You’ve probably heard it before: People just don’t read these days. Our attention spans have narrowed; we scan, skim, and savor headlines (sometimes enough to make T-shirts out of them). You might have even planned to skim this article. Likewise, when we navigate the web, we expect familiar visual shortcuts to help us along the way—three bars in the top right corner indicate a menu, underlined text is usually a link, and buttons are meant to be clicked on to redirect to a new page.
A well-designed user interface requires a clear understanding of the end user, easily guiding them toward the information they’re looking for without having to think about the actual interface at all. This is generally done by using universally understood design rules that are considered “best practice” and that provide visual cues toward function. So what happens when the design patterns to which we’re accustomed are turned on their head?
Antwerp, Belgium-based design firm Bagaar did just that by developing User Inyerface, a website that asks the user to complete a series of forms while using “an interface that doesn’t want to please you. An interface that has no clue and no rules.”
The concept emerged out of what the agency calls “DoDays,” a bimonthly opportunity for anyone to pitch an idea, a product, or an experiment. If the idea is selected, that person chooses a team and gets time aside from client work to develop it. And so, the idea of an impossible form emerged.
While all the information a user needs to navigate the site is there, the designers at Bagaar posit that we’ve been trained to overlook it by expecting iconography that the design community has agreed indicate particular functionalities. “We tend not to really look anymore, but expect certain things to be in a certain place or look a certain way,” says Dieter Desmet, creative director at Bagaar.
Those shared standards aren’t going to be found here. All-caps plain text? That’s a link. Be sure to uncheck the terms and conditions checkbox in order to accept them. And that large button in the middle of the screen isn’t to go to the next page. It’s to cancel. One thing is clear: Like anything that “isn’t your friend,” User Inyerface will test your patience.
“We had so many evil ideas, [but] we chose to only go with UX mistakes that could be seen as ‘honest mistakes,'” says Desmet. “We wanted to end up with a form that is utterly confusing, but if you stay calm and just read and look, you could walk right through it.” And because misery loves company, I asked Fabricio Teixeira, design director at Work & Co and founder of UX Collective, to do just that.
“This experiment reveals a critical user insight: how ingrained we are to recognize established interaction patterns in the interfaces we use every day,” says Teixeira. “Over the last few decades, the digital design field has made hundreds of micro-decisions that collectively establish a series of familiar interaction patterns.”

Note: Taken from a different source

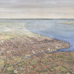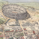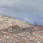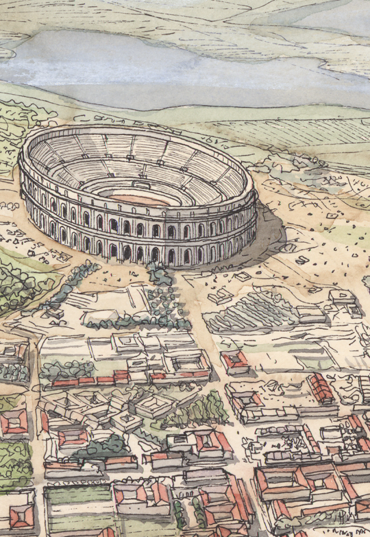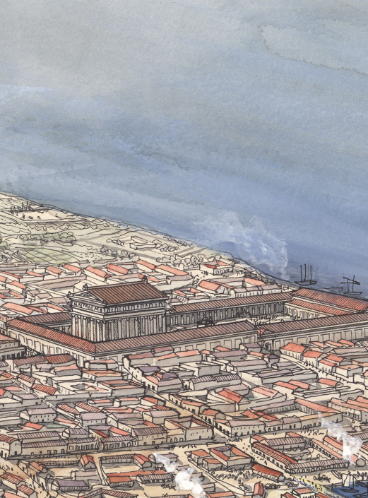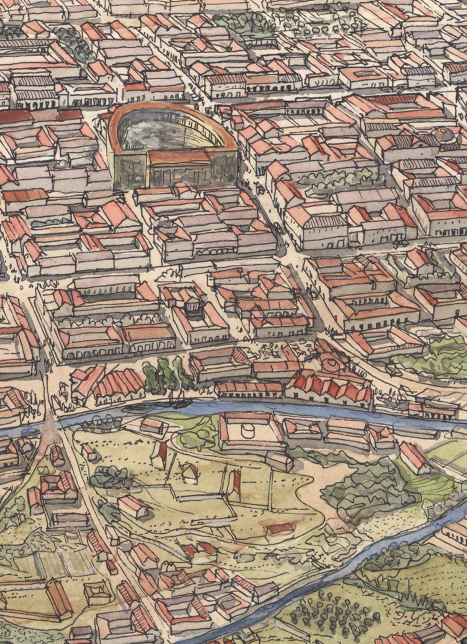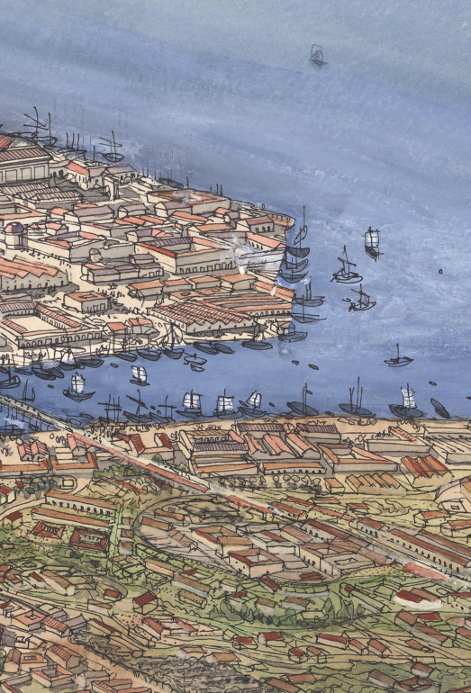 Le port de la ville se situe à son embouchure. Le forum se trouve à l’intersection du cardo (axe nord-sud) et du decumanus (axe est-ouest), non loin de la rive. Il est constitué d’une cour rectangulaire à portique, d’un temple et d’une basilique. Sur la gauche du dessin, il est possible de distinguer le théâtre et l’amphithéâtre. Au loin se dessine une zone marécageuse.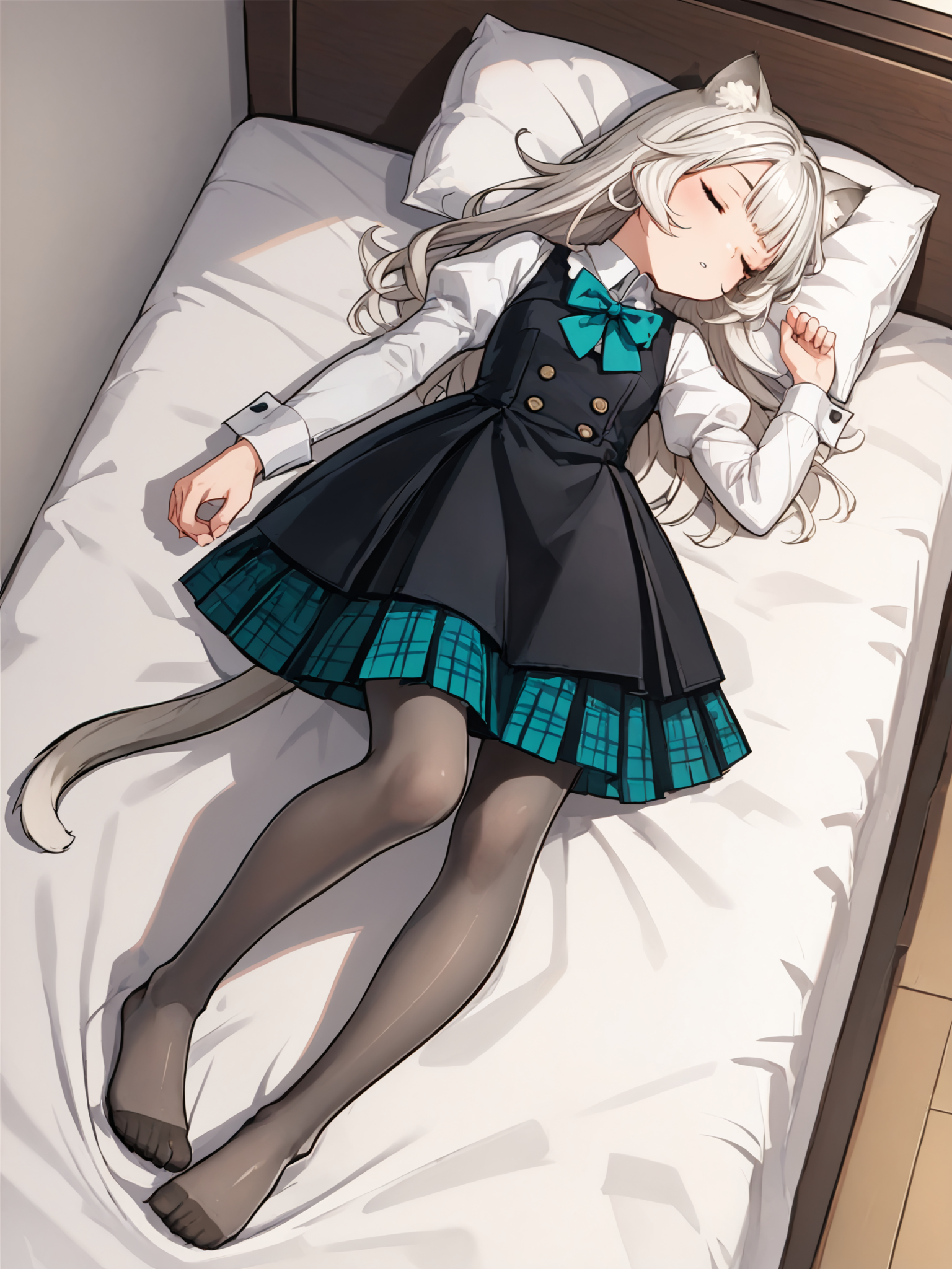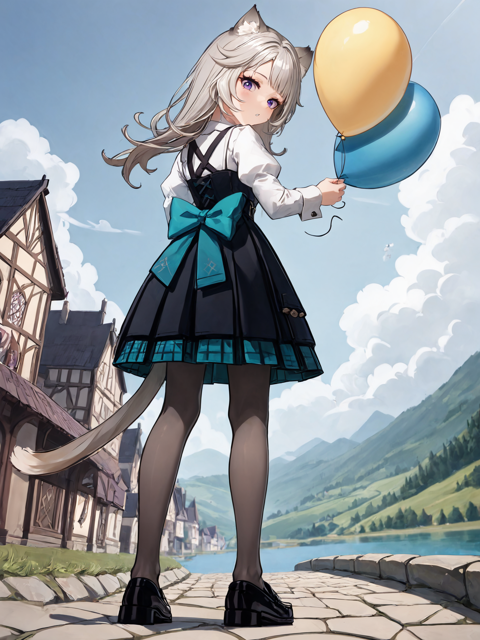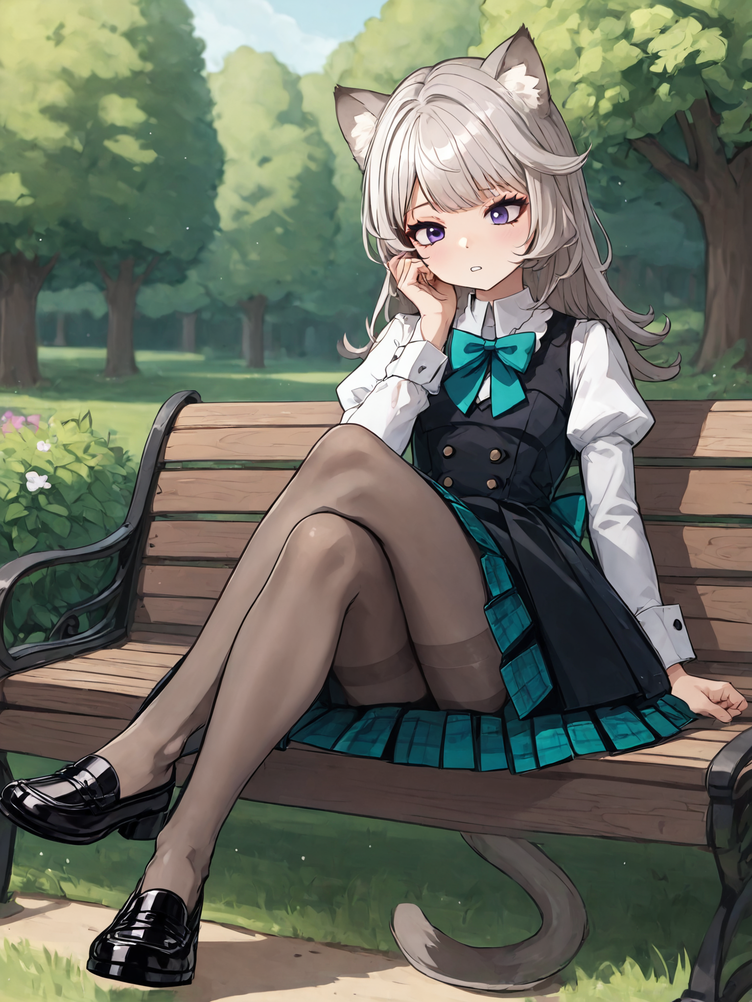 ・长发,长袖,黑色连衣裙,黑色背心,白色领衬衫, teal领结,teal蝴蝶结,腰后蝴蝶结,猫耳,紫色眼睛,猫尾,白发,灰色连裤袜,黑色乐福鞋,蓬松袖子,格子裙,百褶裙,黑色裙子,teal裙子

And while designers should always be pushing for better UX, he says they also need to recognize that some patterns (like checkboxes, buttons, and drop-down menus) have already become second nature to the user they’re trying to serve. “There’s still room to innovate and create more meaningful interactions,” says Teixeira. “The idea is to know when to go against the rule book.”
So how to toe the line between innovative and incomprehensible? By continuous usability testing, and seeing how far a familiar design can be taken before it breaks. “It’s a powerful exercise to pinpoint where you can push and where you might be disorienting users with something new,” says Teixeria. “That fine line between these two worlds is exactly where I want to walk as a designer.”
For those not directly involved in UX and UI design, Desmet feels that User Inyerface shows the importance of strong user experience and interaction design, even in something as simple as the word inside a button. “It goes to show that the internet is made by hard work and clever thinking, and that without good UX and UI, it would be an utter nightmare,” says Desmet. (We won’t tell him that some people think it already is.)